Agreed. I would hate this approach.

I don’t need my husband’s input on what shoes/ clothes to buy for our DC, and I couldn’t be bothered pretending to need it so that he can feel better or have some learning moment. He also couldn’t care less as long as she’s clothed and comfortable; he’d look at me as if I had two heads if I started asking him which pair of sandals he thought I should pick.

He would definitely ask me though, just like I’d ask him if it was other areas where he does have more knowledge/ is likely to have a stronger opinion. DD needed a new bike helmet for example, and since it was a safety thing that did feel more like a ‘team’ decision (although in the end he ended up taking her to buy one himself but only after we’d had the discussion).
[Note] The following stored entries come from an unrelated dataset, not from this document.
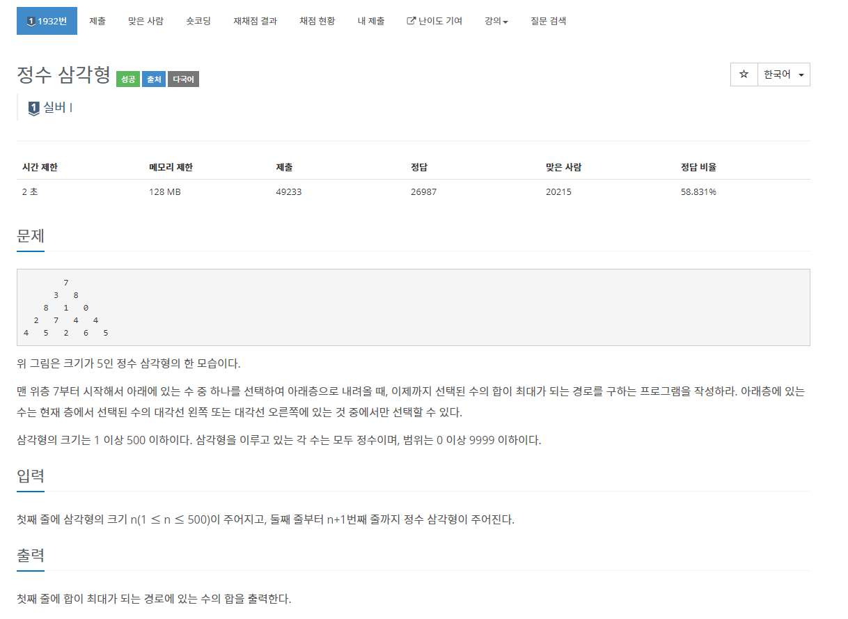 첫째 줄에 삼각형의 크기 n(1 ≤ n ≤ 500)이 주어지고, 둘째 줄부터 n+1번째 줄까지 정수 삼각형이 주어진다.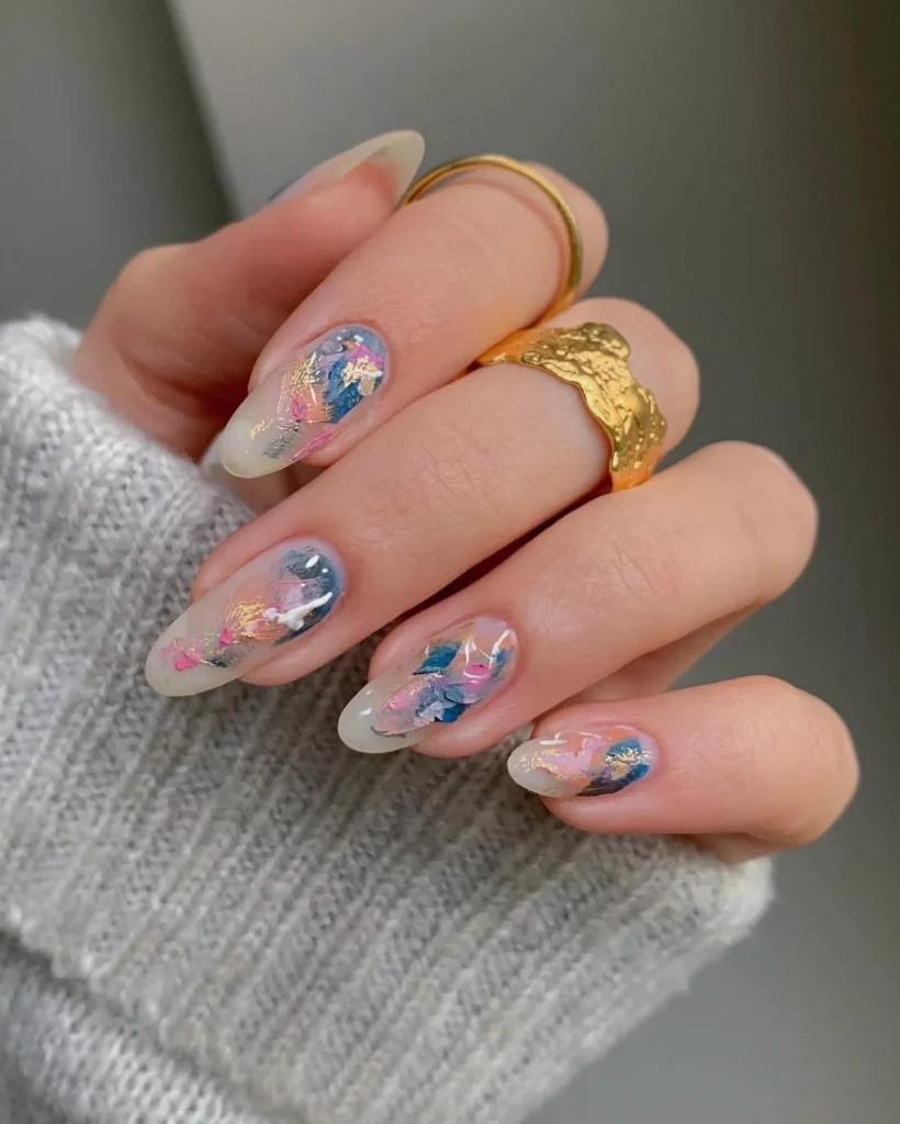 Whimsical pastel hues blend with metallic foil to create these dreamy abstract nails. Shades of pink, blue, and lavender melt together like a watercolor painting, topped with flecks of gold for added sparkle. The design feels light and airy, making it perfect for those who prefer softer tones with a creative edge.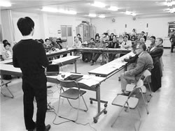 新しい販売所からは、配達員への援助金のこと、配達・集金の工夫などの質問が。また、最近開設したばかりの販売所は、「みんなのために役立っていることがうれしい」と。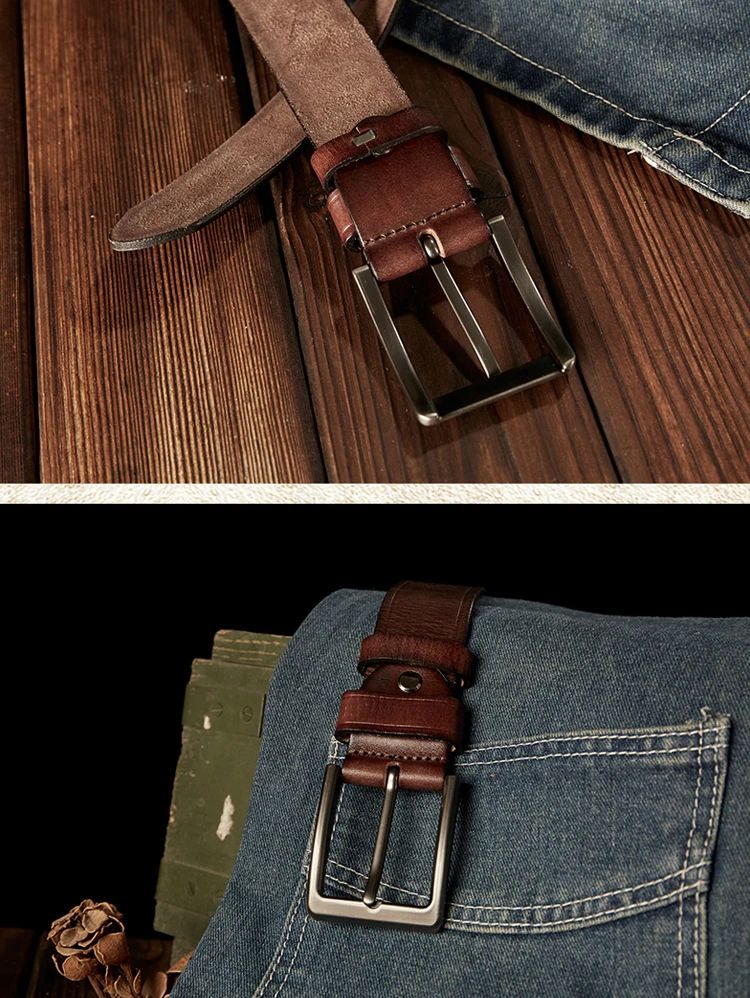 Choose Options Quick view Handmade Vintage Top Layer Cowhide Pants Belt For Men Retro Genuine Leather Copper Pin Buckle Jeans Strap Casual Cow skin Belt $53.84

Clothes/ shoes in general though easier if I just do it and I don’t mind that falling to me honestly- I don’t feel like every task has to be evenly spilt as long as the overall divide is fair.

BlackPantherPrincess · 02/05/2025 12:42

Well it’s easy rectified, it was a stupid decision on his part but not insurmountable. Pisses me off when men can’t do a simply task without supervision.

namechangetheworld · 02/05/2025 12:44

Ugh. He sounds just as defensive as my DH when faced with very minor criticism, except the thought would never even enter his head to buy our children shoes in the first place.

Applesandpears23 · 02/05/2025 12:53

Once the kids are old enough to notice stuff like this let them point out problems with stuff he buys them themselves. That way it isn’t all from you.